The development of convolutional neural networks has achieved impressive advances of machine learning in recent years, leading to an increasing use of artificial intelligence (AI) in the field of gastrointestinal (GI) diseases. AI networks have been trained to differentiate benign from malignant lesions, analyze endoscopic and radiological GI images, and assess histological diagnoses, obtaining excellent results and high overall diagnostic accuracy. Nevertheless, there data are lacking on side effects of AI in the gastroenterology field, and high-quality studies comparing the performance of AI networks to health care professionals are still limited.
Continuous innovations have allowed to improve many aspects of gastroenterologists daily clinical practice, from increasing early-stage diagnoses to expanding therapeutic boundaries. In the last decades, a great deal of attention has been focused on the development computer assisted systems that could be applied in endoscopy, radiology, and pathology to improve the diagnosis, treatment, and prognosis of many gastrointestinal diseases. Indeed, machine learning has evolved in recent years due to the usage of convolutional neural networks (CNN), the improvement of the training of such networks that build the basis of artificial intelligence (AI), the development of powerful computers with advanced graphics processing, and their increasing use in many diagnostic fields. However, although AI has been applied in a wide range of gastrointestinal diseases, high-quality studies that compare the performance of AI networks to human health care professionals are lacking, especially studies with prospective design and that are conducted in real-time clinical settings.
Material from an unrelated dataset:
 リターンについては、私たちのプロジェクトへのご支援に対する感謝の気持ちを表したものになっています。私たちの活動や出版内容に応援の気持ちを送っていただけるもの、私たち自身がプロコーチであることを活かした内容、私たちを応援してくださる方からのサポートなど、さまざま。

This narrative entreviewy will give an overview of some of the most relevant potential applications of AI for both upper and lower gastrointestinal diseases ( Table 1 ), highlighting advantages and main limitations and providing considerations for future development.
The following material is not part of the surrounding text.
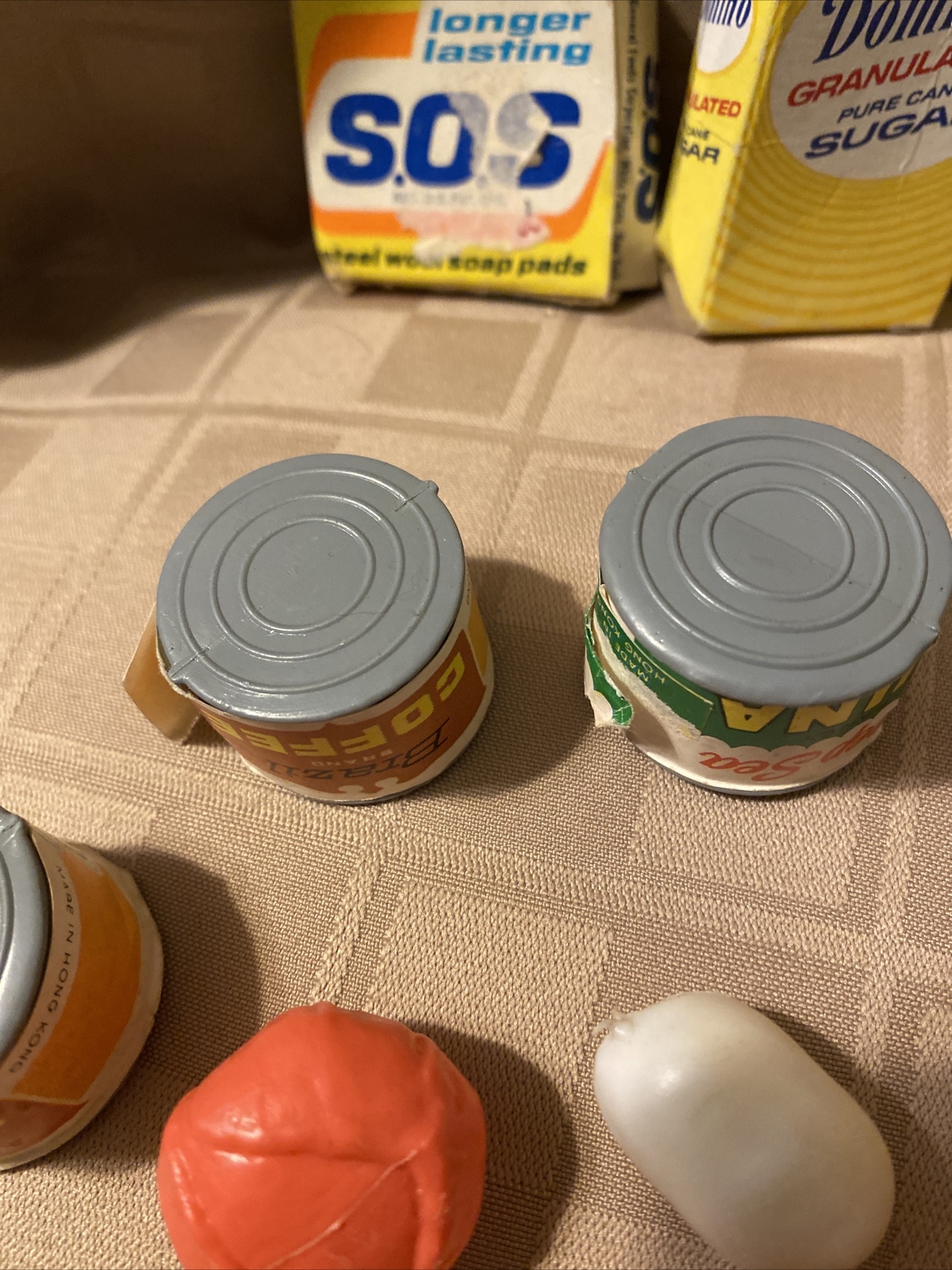 как выглядит Vintage Toy Mini Foods, "Cans , Boxes Lot фото

Table 1. Key points of AI application in GI disease.
Field | Key Points |
---|---|
ESOPHAGUS |
|
|
|
STOMACH |
|
|
|
LOWER GI TRACT |
|
|
Accumulating evidence shows the potential benefits of computer assistance (CA) in the management of esophageal conditions, such as Barrett’s esophagus (BE) and esophageal adenocarcinoma (EAC) [1]. In recent years, the ARGOS project has developed, validated, and benchmarked a computer-aided detection (CAD) system that could assist endoscopists in the detection and delineation of Barrett’s neoplasia. In their study, De Groof et al. showed that their system achieved a higher diagnostic accuracy compared to non-expert endoscopists, and it was potentially fast enough to be used in real time, taking 0.24 s to classify and delineate a Barrett’s lesion within an endoscopic image [2]. This study was conducted using a total of five independent image datasets used to train, validate, and benchmark the system. The first two datasets were used for pre-training and training respectively; the first dataset contained 494,364 endoscopic images from all intestinal segments, and the second contained 1247 high-definition (HD) white-light imaging (WLI) of confirmed early BE neoplasia and non-dysplastic BE. A third dataset containing 297 images was used for refining the training and for internal validation. Fourth and fifth datasets containing 80 images each of early BE neoplasia and non-dysplastic BE delineated by three and six experts, respectively, were used for external validation. The fifth dataset was also used to benchmark the performance of the algorithm versus 53 general endoscopists, showing an accuracy of 88% vs. 73%, a sensitivity of 93% vs. 72%, and a specificity of 83% vs. 74%, respectively [2]. Similarly, in 2020, Hashimoto and colleagues published a single-center retrospective study on a system developed for the detection of early esophageal neoplasia in BE. The algorithm was programmed to distinguish images of lesions with or without dysplasia. A total of 916 images of early esophageal neoplasia in BE and 919 images of BE without high-grade dysplasia were used for training the system. It was validated using 458 images, 225 with dysplasia and 233 without dysplasia, reporting a sensitivity, specificity, and accuracy per image of 96.4%, 94.2%, and 95.4%, respectively. The authors also found that the specificity for images taken with advanced imaging techniques, such as narrow-band imaging (NBI) and near focus, was significantly higher than white-light imaging (WLI) and standard focus [3].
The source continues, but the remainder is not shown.